E così ci dirigiamo verso uno sperone di roccia a picco sulla valle, qualche chilometro più a monte, questa volta in silenzio o parlando d’altro. E raggiungiamo infine, dopo un’altra buona mezz’ora di camminata, la NOSTRA vetta.
La vista è bellissima, non offuscata dalle nuvole che invece ci si appoggiano sulla testa. E non può mancare la foto della vittoria di rito!
Mentre ci sediamo ad addentare panini, barrette e mandorle, per ricaricarci prima di iniziare con calma a scendere, Lilli si mette a ridere e sbotta:
“Che testona che sono stata! Il freddo, l’ho sottovalutato. Mi sentivo così rigida, molto più del solito. Ero così abbattuta, dopo tutto il mio allenamento. E invece ora che mi sono coperta e riscaldata, potrei quasi ripartire per salire con gli altri! Ormai è tardi, ma so che ci riproverò la prossima volta. Mi serve vestirmi bene...e la musica classica”.
“La musica classica?”, chiediamo sorpresi.
“Sì, mentre salgo mi concentro sui miei passi e nella mente prende forma un ritmo, una melodia. È un bel modo di farmi accompagnare, quando vado in montagna”.
Riprendiamo a camminare, e la discesa è per tutti più ardua che la salita.

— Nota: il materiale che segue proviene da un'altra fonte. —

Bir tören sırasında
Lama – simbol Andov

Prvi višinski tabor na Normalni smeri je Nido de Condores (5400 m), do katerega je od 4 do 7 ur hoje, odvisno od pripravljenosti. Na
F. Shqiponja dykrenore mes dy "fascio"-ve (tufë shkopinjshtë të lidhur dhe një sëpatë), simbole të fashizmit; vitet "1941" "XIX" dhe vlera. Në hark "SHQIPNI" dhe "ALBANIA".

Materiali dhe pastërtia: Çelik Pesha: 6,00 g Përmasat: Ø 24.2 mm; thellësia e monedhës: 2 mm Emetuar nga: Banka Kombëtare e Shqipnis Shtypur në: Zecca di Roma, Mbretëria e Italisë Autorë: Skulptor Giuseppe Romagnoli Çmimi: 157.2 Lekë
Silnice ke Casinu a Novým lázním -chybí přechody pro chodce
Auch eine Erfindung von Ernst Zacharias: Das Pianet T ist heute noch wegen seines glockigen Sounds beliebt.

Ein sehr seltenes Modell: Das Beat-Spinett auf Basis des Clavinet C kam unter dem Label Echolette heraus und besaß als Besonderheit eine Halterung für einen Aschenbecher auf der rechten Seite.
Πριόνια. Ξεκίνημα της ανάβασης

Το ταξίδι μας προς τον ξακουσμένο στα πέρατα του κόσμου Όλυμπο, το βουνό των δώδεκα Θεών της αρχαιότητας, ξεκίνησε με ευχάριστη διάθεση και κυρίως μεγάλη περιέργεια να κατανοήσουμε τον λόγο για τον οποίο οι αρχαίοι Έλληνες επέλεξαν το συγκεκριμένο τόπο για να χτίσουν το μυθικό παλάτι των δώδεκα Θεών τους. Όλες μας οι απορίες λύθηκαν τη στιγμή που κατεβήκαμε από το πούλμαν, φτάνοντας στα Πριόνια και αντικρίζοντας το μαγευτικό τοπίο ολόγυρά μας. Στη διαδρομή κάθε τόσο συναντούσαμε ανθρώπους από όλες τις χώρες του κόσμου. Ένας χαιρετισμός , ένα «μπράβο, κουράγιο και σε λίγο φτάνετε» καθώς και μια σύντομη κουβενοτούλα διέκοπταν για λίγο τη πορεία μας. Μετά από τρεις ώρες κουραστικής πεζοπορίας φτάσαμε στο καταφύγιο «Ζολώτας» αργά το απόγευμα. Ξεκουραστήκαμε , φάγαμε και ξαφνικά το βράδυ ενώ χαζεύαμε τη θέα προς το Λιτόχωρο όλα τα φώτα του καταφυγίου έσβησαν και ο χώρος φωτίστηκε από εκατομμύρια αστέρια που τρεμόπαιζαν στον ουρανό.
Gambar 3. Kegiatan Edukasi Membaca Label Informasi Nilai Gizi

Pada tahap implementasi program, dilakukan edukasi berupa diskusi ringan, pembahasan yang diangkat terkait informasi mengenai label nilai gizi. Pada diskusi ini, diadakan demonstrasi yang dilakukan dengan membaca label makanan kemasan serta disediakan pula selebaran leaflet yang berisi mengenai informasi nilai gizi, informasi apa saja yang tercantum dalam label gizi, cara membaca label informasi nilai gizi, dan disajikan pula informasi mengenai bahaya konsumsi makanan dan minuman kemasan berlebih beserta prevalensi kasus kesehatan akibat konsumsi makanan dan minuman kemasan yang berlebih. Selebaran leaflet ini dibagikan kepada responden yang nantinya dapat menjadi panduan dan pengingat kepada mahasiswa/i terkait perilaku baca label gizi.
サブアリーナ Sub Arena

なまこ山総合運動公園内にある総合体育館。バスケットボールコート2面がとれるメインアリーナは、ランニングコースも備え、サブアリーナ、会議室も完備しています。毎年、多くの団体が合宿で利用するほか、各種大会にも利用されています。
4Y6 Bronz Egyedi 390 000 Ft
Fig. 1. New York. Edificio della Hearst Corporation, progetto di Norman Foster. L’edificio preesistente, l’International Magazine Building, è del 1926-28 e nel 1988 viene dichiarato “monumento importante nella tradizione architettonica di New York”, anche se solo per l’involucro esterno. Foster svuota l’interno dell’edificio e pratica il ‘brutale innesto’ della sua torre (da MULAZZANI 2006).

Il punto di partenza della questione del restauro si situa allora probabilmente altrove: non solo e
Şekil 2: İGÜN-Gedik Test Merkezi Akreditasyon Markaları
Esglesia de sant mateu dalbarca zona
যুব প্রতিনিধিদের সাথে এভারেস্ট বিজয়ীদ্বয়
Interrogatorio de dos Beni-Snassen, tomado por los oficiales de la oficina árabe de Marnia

I grossi sassi che formano il sentiero sono instabili, e la forza di gravità questa volta ci spinge verso il rischio di una caduta facile.

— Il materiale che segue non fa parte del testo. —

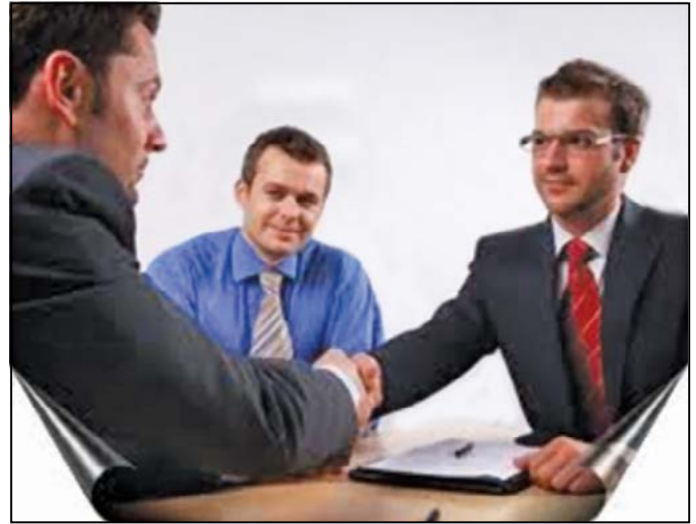
Figura 2. La puerta de acceso para la detección del talento en las empresas y el establecimiento de un compromiso: la entrevista de trabajo.

cuantitativa, la investigación es un estudio de tipo descriptivo y correlacional. Debido a que el objetivo no es obtener una muestra representativa de la población, la de esta investigación es considerada de conveniencia, debido a que se depende del permiso de la institución, de los profesores y de los participantes para la recolección de los datos.
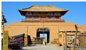
เมืองโบราณตุนหวง
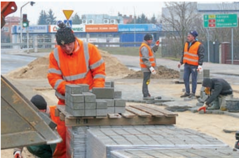
W miejscu, gdzie na ulicy Piaskowej był głęboki wykop została tymczasowo ułożona kostka, wiosną zastąpi ją asfalt.

Gospodynie KGW obawiają się biurokracji - i nie sięgają po rządowe pieniądze. str. 11
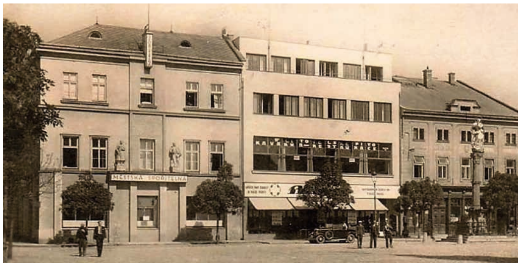
Dům čp. 121 po přestavbě již s prodejnou obuvi firmy Baťa.
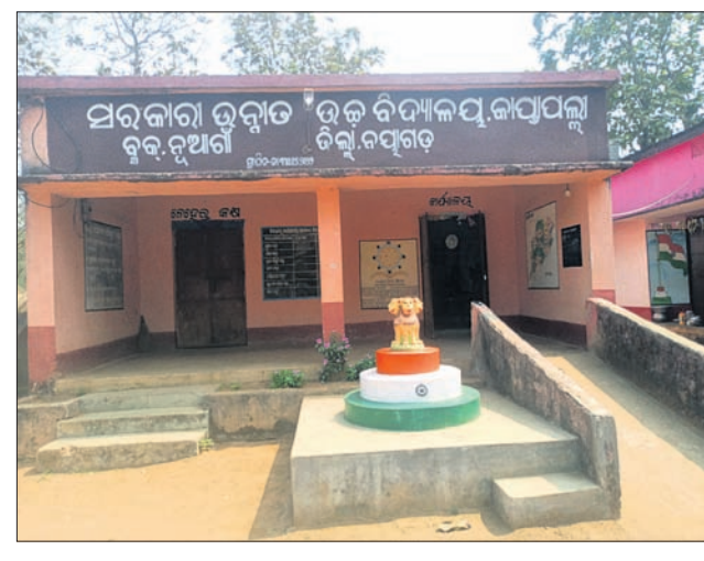
କାମୁସାହି ସରକାରୀ ଉଚ୍ଚ ବିଦ୍ୟାଳୟ।

ନୟାଗଡ଼ ଜିଲ୍ଲା ନୂଆଗାଁ ବ୍ଲକ୍ କାମୁସାହି ପଞ୍ଚାୟତ କାମୁସାହି ସରକାରୀ ଉନ୍ନତ ଉଚ୍ଚ ବିଦ୍ୟାଳୟଟି ନାନା ସମସ୍ୟା ଦେଇ ଗତି କରୁଥିବା ଅଭିଯୋଗ ହେଉଛି। ଏପରି କାଳିଠାରୁ ମାଟ୍ରିକ୍ ପରୀକ୍ଷା ଆରମ୍ଭ ହେବାକୁ ଥିବା ବେଳେ ଶିକ୍ଷକ ଅଭାବ ଯୋଗୁଁ ଛାତ୍ରୀଛାତ୍ର ପାଠ ନ ପଢ଼ି ପରୀକ୍ଷା ଦେବାକୁ ଯିବା କଥା ଅଭିଭାବକମାନଙ୍କ ମନରେ ଚିନ୍ତା ବଢ଼ାଇ ଦେଇଛି। ଛାତ୍ରୀଛାତ୍ରମାନେ ଦୂରକୁ ନ ଯାଇ କିଲି ଗାଁ ପାଖରେ ହାତୀକୁଳ ଶିକ୍ଷା ପାଇପାରିବେ ସେଥିପାଇଁ ପ୍ରତି ପଞ୍ଚାୟତରେ ହାତୀକୁଳ ଖୋଲିବାର ସରକାର ନିଷ୍ପତ୍ତି ନେଇଥିଲେ। ସେହିକ୍ରମରେ ନୟାଗଡ଼ ଜିଲ୍ଲା ନୂଆଗାଁ ବ୍ଲକ୍ କାମୁସାହି ପଞ୍ଚାୟତରେ କାମୁସାହି ଯୁକ୍ତି-ବଳ ସ୍ତଳ ସହ ହାତୀକୁଳକୁ ଯୋଡ଼ି ଦିଆଯାଇଥିଲା। କାମୁସାହି ସରକାରୀ ଉଚ୍ଚତର ସରକାରୀ ଉଚ୍ଚ ବିଦ୍ୟାଳୟ ୨୦୨୨ ଜୁଲାଇରେ ପ୍ରତିଷ୍ଠା ହୋଇ ବିଧାୟକ ଓ ସ୍ଥାନୀୟ ନେତାମାନଙ୍କ ଦ୍ୱାରା ଉଦ୍‌ଘାଟନ କରାଯାଇଥିଲା। ଏକଜଣ ଛାତ୍ରୀଛାତ୍ର

Vorrei lasciare in pace Lilli, lasciarle godere la sua musica, ma sono troppo ammirata dal suo spirito e dalla sua forza, e non riesco a trattenermi.

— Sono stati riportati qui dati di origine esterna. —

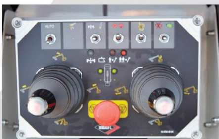
IPC: Ovládanie 2 joystickmi
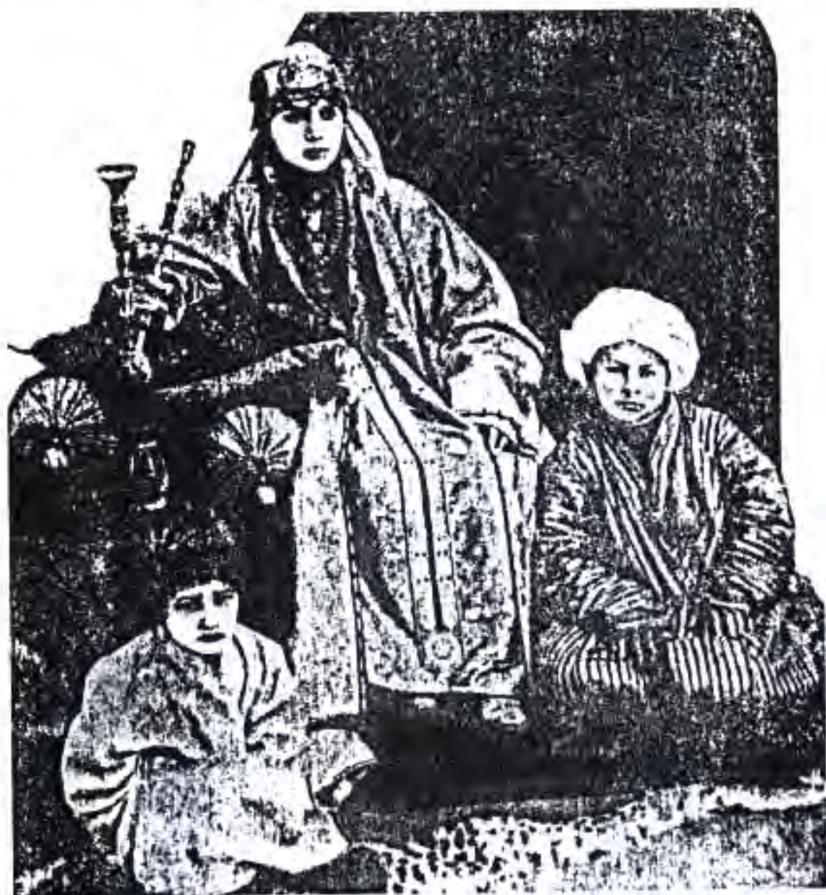
Зани асирлодаи Бухоро бо ду писараш

Дар мактабҳои ибтидоии завоҷи таълим боз ҳам бадтар буд. (Гейер М.И. Путеводитель по Туркестану, Ташкент 1901).
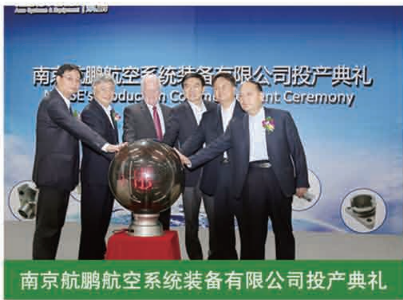
南京航鹏航空系统装备有限公司投产典礼
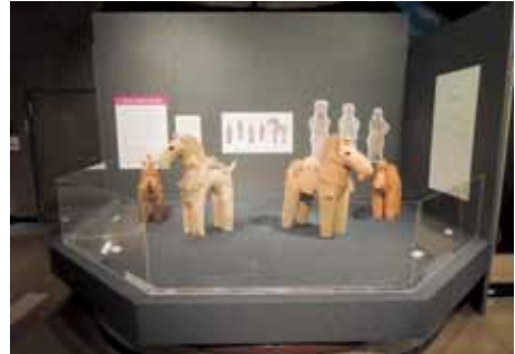
▲古墳時代の馬形埴輪
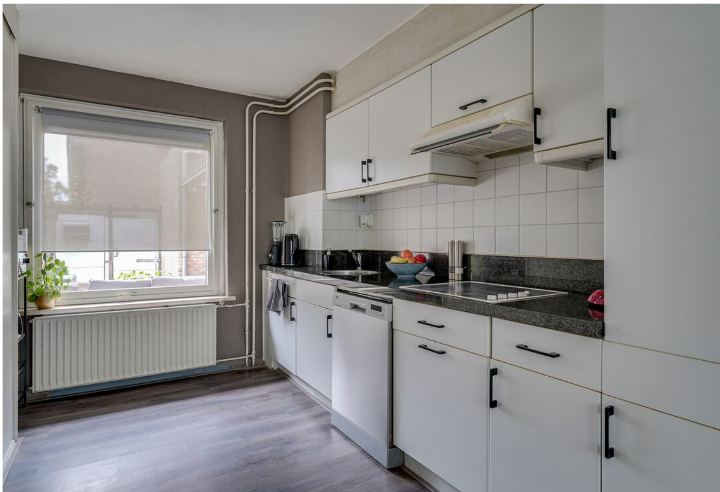
Rutger Van Keulenpad 12, Eindhoven
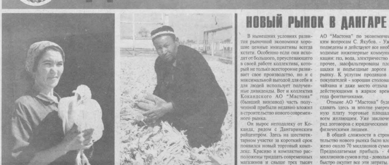
Гулистанская птицефабрика в прошлом стабильно обеспечивала голодноостепевые районы и мясом. Но постепенно, в силу экономических трудностей, утратила свои позиции. Коллектив сумел справиться с трудностями. В настоящее время разработаны мероприятия по увеличению выпуска продукции. Отлично, что ныне детсады стали получать с фабрики мясо и яйца, чего уже не было несколько лет.
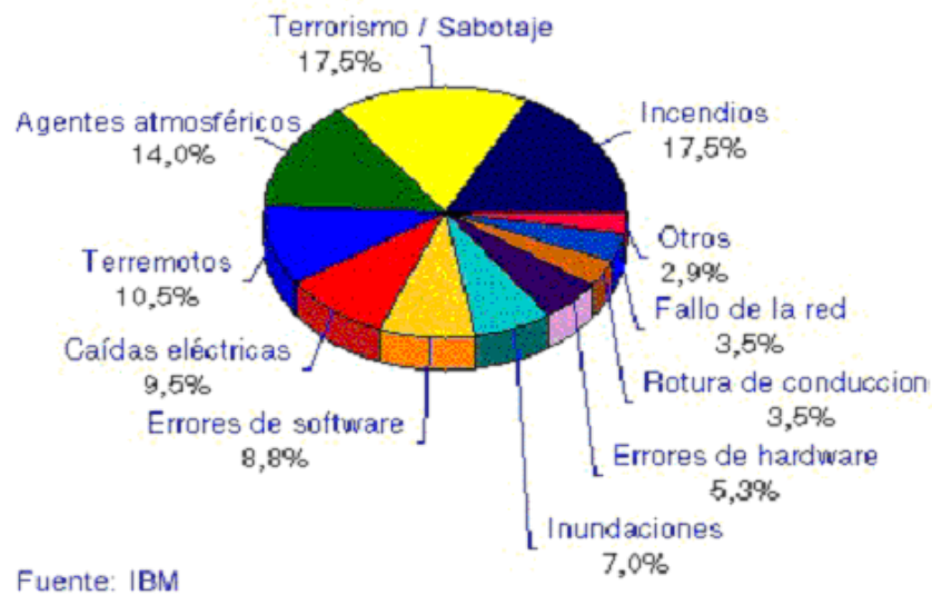
Fig. #2 Gráfico estadístico de riesgos en las redes de cómputo

una evaluación económica del impacto de estos sucesos negativos. Este valor se podrá utilizar para justificar el costo de la protección de la información en análisis, versus el costo de volverla a producir (reproducir).
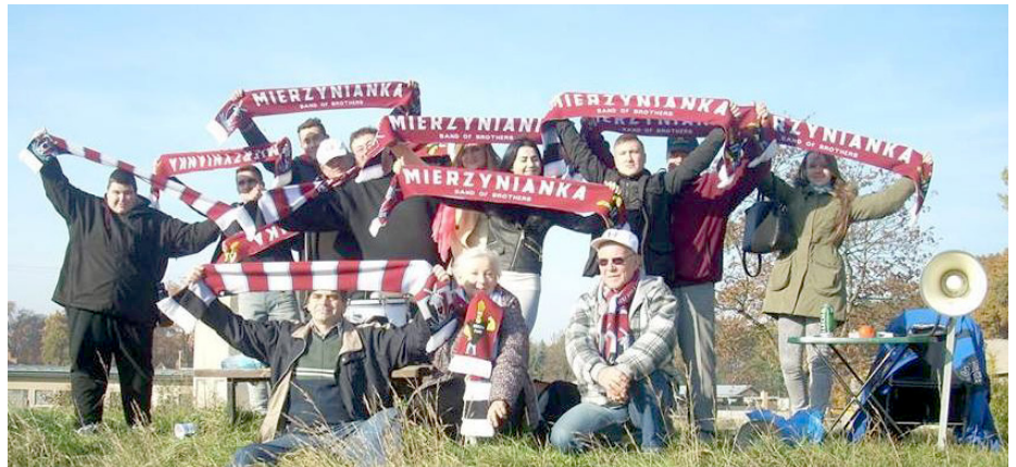
Piłkarze Mierzynianki mają grupę wiernych kibiców, którzy za swoim zespołem jeździli na mecze wyjazdowe.

- Kto z perspektywy całego sezonu najbardziej przyczynił się do awansu.
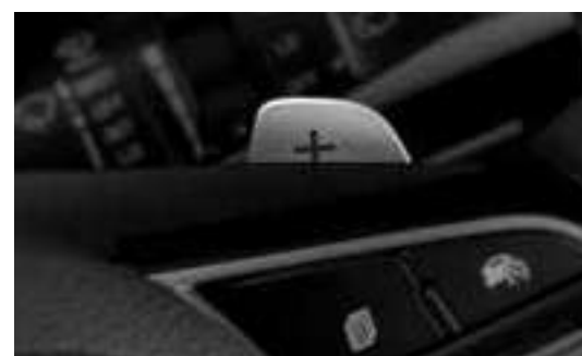
رافعات أذرع تبديل

“Lilli, ma come ti senti davanti a questa avventura? Come la affronti, ad ogni passo?”. Non parlo solo delle uscite di trekking, in realtà. E lei sembra saperlo.
“Sai, è come se ci fossero due percorsi paralleli che sto affrontando. Nel progetto M4810 così come nella malattia. Uno mentale, di scoperta di cose che non conoscevo, di nuove sfide ma anche di nuove conquiste. E uno fisico. E in quello fisico, ti accorgi con piacere che il tuo corpo prova sempre ad affrontare il cammino, un nuovo passo alla volta. Si reinventa di continuo, impara a sostituire le cose che non sa più fare con certi muscoli, e ne utilizza altri. E così, ogni volta imparo come andare un po’ più lontano, come fare un movimento in più. Se e quando mi renderò conto che non posso più compensare con altro, aiuterò il resto del gruppo ad arrivare in vetta senza di me”.